> Provided information:
····················

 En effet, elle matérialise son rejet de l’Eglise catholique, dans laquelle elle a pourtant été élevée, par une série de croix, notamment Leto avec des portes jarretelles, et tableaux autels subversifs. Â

····················

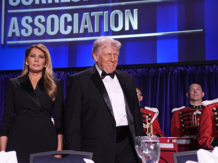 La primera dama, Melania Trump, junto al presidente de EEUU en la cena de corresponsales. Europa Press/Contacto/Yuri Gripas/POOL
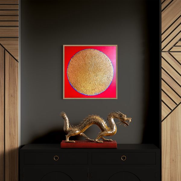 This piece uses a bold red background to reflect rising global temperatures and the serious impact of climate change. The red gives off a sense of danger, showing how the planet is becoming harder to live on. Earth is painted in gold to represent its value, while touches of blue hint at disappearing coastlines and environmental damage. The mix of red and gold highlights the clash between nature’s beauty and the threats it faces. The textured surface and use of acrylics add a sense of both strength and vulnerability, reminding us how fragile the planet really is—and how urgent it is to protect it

····················

Among the records above, locate the line containing "La primera dama, Melania" and the line containing "This piece uses", then transcribe exactly the lines starting at the first and ending at the second, with no pictures.

> Output for this task:
 La primera dama, Melania Trump, junto al presidente de EEUU en la cena de corresponsales. Europa Press/Contacto/Yuri Gripas/POOL
 This piece uses a bold red background to reflect rising global temperatures and the serious impact of climate change. The red gives off a sense of danger, showing how the planet is becoming harder to live on. Earth is painted in gold to represent its value, while touches of blue hint at disappearing coastlines and environmental damage. The mix of red and gold highlights the clash between nature’s beauty and the threats it faces. The textured surface and use of acrylics add a sense of both strength and vulnerability, reminding us how fragile the planet really is—and how urgent it is to protect it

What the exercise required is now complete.